I know that trusting myself and my body is my path to recovery. But it seems like I still have work to do. I need to go back to the beginning and pay attention to my moods, look at an emotion wheel and label how I’m feeling. Learn what those moods are trying to tell me. Then use that knowledge to work out what I do next, so that I continue to grow and evolve. Because what use is recovery if I don’t?

My Lowest Point

Trigger Warning: suicidal thoughts

There’s something happening at the moment which is bringing back painful memories. Triggering me, if you will. And as always when I’m struggling, I’m hoping writing it down will help. I’m aware it might not be helpful to some readers: if that might be you, please click away from this post now.

Around a decade ago, my life as I knew it ended. It started with workplace bullying, which led to a decline in my mental health. I developed debilitating anxiety, was prescribed propranolol after a particularly distressing anxiety attack which lasted for two days straight, and had counselling.

The issues continued, then my workplace was restructured and I was told I was facing redundancy. My mood declined.
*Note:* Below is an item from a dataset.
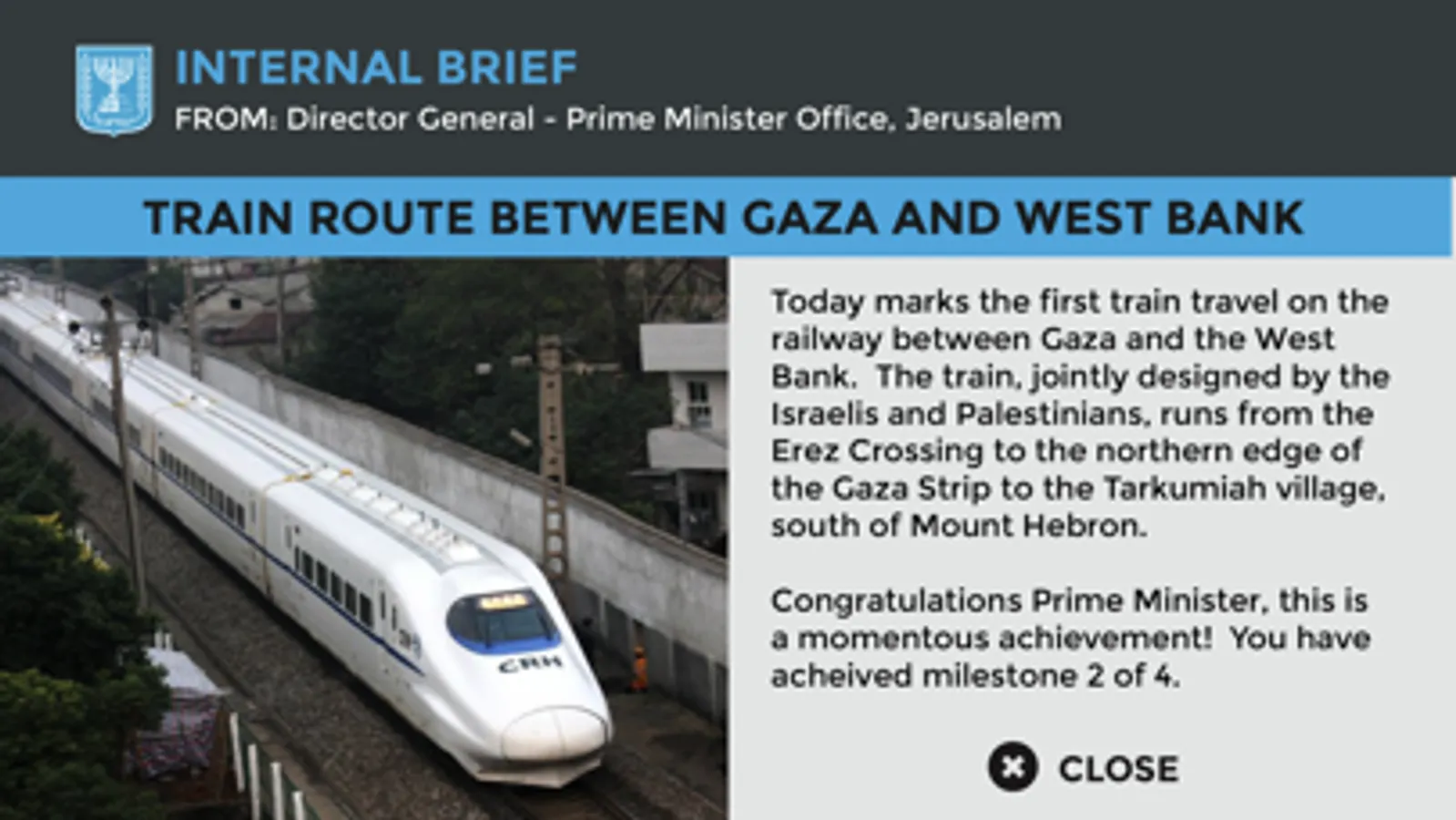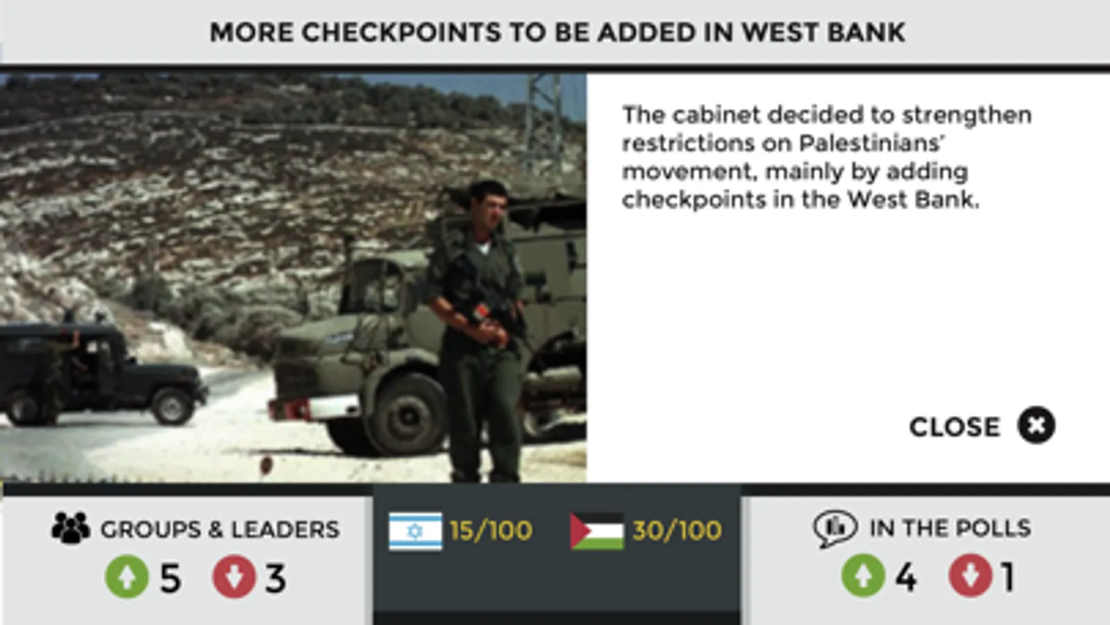 • PeaceMaker is two games in one: play both the role of the Israeli Prime Minister or the Palestinian President.

I would go to bed at night hoping that I wouldn’t wake up the next morning. Those thoughts gradually became more intrusive. I was barely able to function, and recognised that this was the worst depressive episode I had ever had. I went back to my GP and asked for antidepressants.
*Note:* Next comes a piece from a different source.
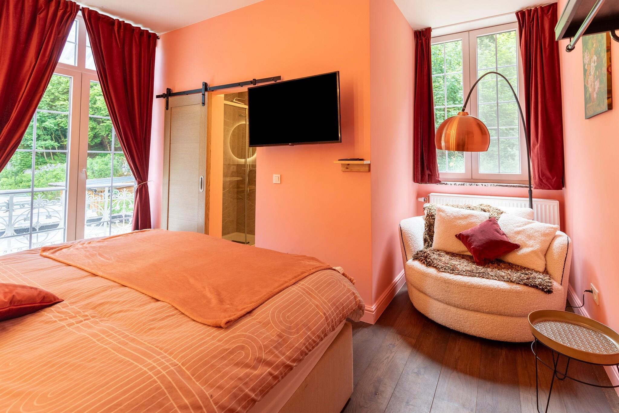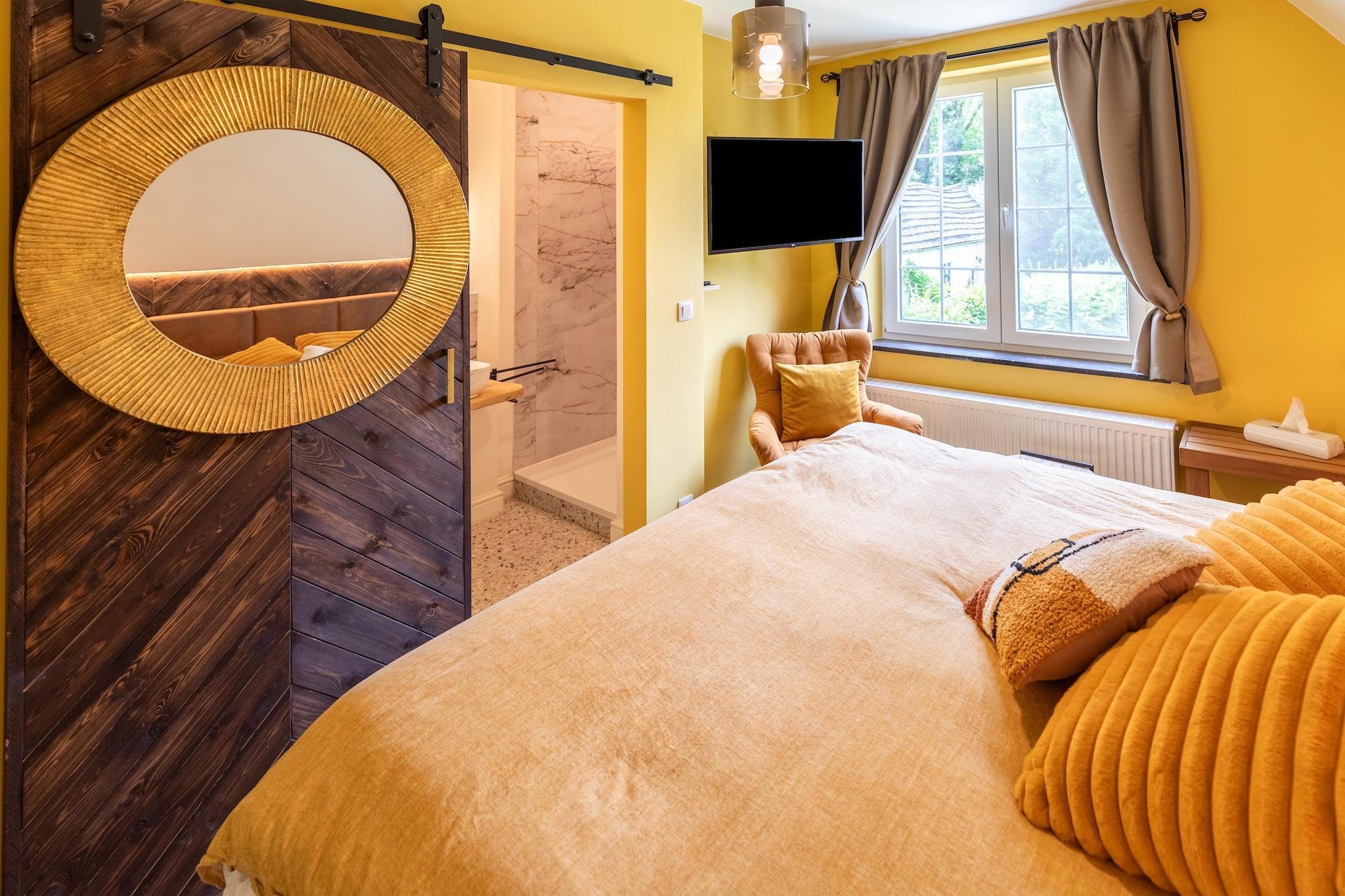 Welcome to Manoir de Goyet, a stunning country estate nestled between forest and valley in Faulx-les-Tombes, near Namur in the picturesque Samson Valley. This enchanting 6-bedroom manoir is the perfect escape for families and groups seeking comfort, charm, and luxury in the heart of nature. Each bedroom offers a private bathroom, TV, and Wi-Fi, ensuring complete comfort and privacy. Unwind in the private outdoor swimming pool or soak in the connected whirlpool bath. Indoors, enjoy cozy moments by the bar, a game of billiards, darts, or PlayStation, or simply relax with a book in the serene living room. Outdoors, gather around the authentic Finnish barbecue hut (Kota) for unforgettable meals. The vast field is ideal for football or basketball, and 4 e-mountain bikes are available for adventurous rides. Children and animal lovers will adore the friendly goats, Sandy and Wendy. The fully equipped kitchen with a cooking island, pantry, extra appliances, and a cold cellar offers everything needed for group meals and celebrations. The large, sun-drenched veranda with a long dining table offers breathtaking views of the valley. Pet-friendly, peaceful, and full of possibilities, Manoir de Goyet is your ultimate countryside retreat in the Belgian Ardennes. Parties and drinking parties of any kind are not permitted in the villa. If guests do not comply with these rules, the owner will charge them for the costs related to the same.
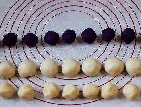 第五步,把和好的紫薯餡,分成9個相等的圓球,每個紫薯餡的大約在24克左右,水油皮和油酥分別均分為9等份,水油皮一個約22克,油酥一個約14克左右

Two weeks after I started the antidepressants, my partner of ten years told me he no longer loved me and I needed to move out. I couldn’t even cry. I was still getting used to the medication, and I listened with dry eyes, not knowing what or how to feel about the fact that my world was falling apart. I was mentally ill, and in one fell swoop, I was losing my job, my partner and my home.

I went to bed that night and made a plan to end my life the next morning.
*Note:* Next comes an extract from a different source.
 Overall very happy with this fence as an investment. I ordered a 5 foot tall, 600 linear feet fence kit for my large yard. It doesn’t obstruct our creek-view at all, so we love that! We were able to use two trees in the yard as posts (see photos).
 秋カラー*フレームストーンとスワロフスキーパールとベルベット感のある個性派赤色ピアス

To this day, I don’t know what stopped me from carrying out that plan, but I am so grateful I didn’t. Even though I’m struggling right now.

That job I lost was so stressful it literally made me ill. My relationship wasn’t making me happy and hadn’t done for years. I wouldn’t have been able to recover with those things still in my life.

So I moved in with my parents because I had nowhere else to go, and let them take care of me while I couldn’t look after myself. I had more counselling, and did a little freelance work while I looked for a full-time job.

I built a new life somewhere new. I got treatment for my ED, weaned off the antidepressants, quit smoking, made friends. I’m even finally starting to think I might be ready for a new relationship.

The last few months have been tough, but this is a reminder to myself that I have survived worse and come back stronger. I will be just fine, I just need a little time to recover and figure out my next move.

If you are struggling, too, please speak to your GP. I have.